● **WORK REQUEST**: Only the lines from the one with "Mr. Bowie never" to the end of the listing below should be set down, exactly as written and without any pictures.

● **RAW DATA**:

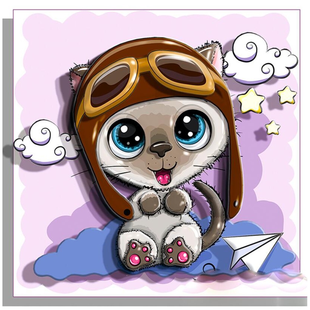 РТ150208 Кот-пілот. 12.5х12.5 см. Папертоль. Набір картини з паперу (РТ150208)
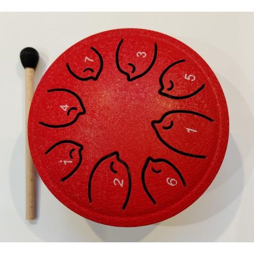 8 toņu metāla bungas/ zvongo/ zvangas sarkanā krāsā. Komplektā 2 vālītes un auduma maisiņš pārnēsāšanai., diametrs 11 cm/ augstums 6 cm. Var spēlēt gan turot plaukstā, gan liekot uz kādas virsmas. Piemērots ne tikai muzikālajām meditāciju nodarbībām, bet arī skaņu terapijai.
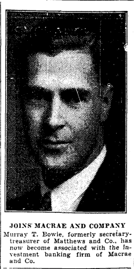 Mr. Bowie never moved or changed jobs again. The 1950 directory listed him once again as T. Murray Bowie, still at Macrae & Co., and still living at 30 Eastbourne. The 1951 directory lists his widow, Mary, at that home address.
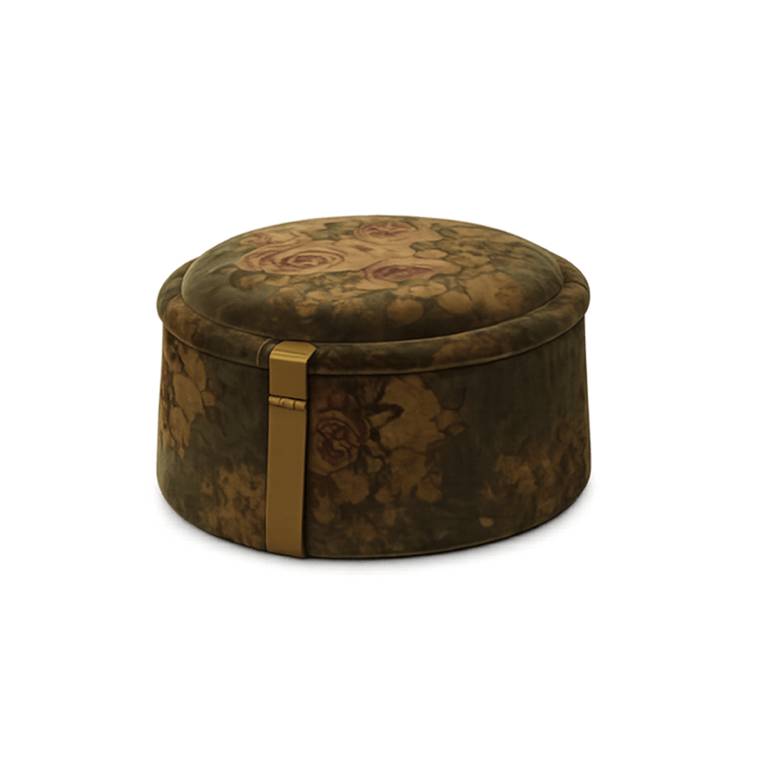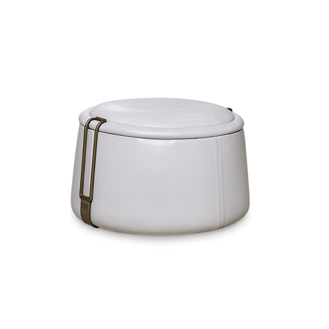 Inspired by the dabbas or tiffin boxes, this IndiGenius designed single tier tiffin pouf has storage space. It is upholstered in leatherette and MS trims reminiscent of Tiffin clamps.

● **RESPONSE**:
 Mr. Bowie never moved or changed jobs again. The 1950 directory listed him once again as T. Murray Bowie, still at Macrae & Co., and still living at 30 Eastbourne. The 1951 directory lists his widow, Mary, at that home address.
 Inspired by the dabbas or tiffin boxes, this IndiGenius designed single tier tiffin pouf has storage space. It is upholstered in leatherette and MS trims reminiscent of Tiffin clamps.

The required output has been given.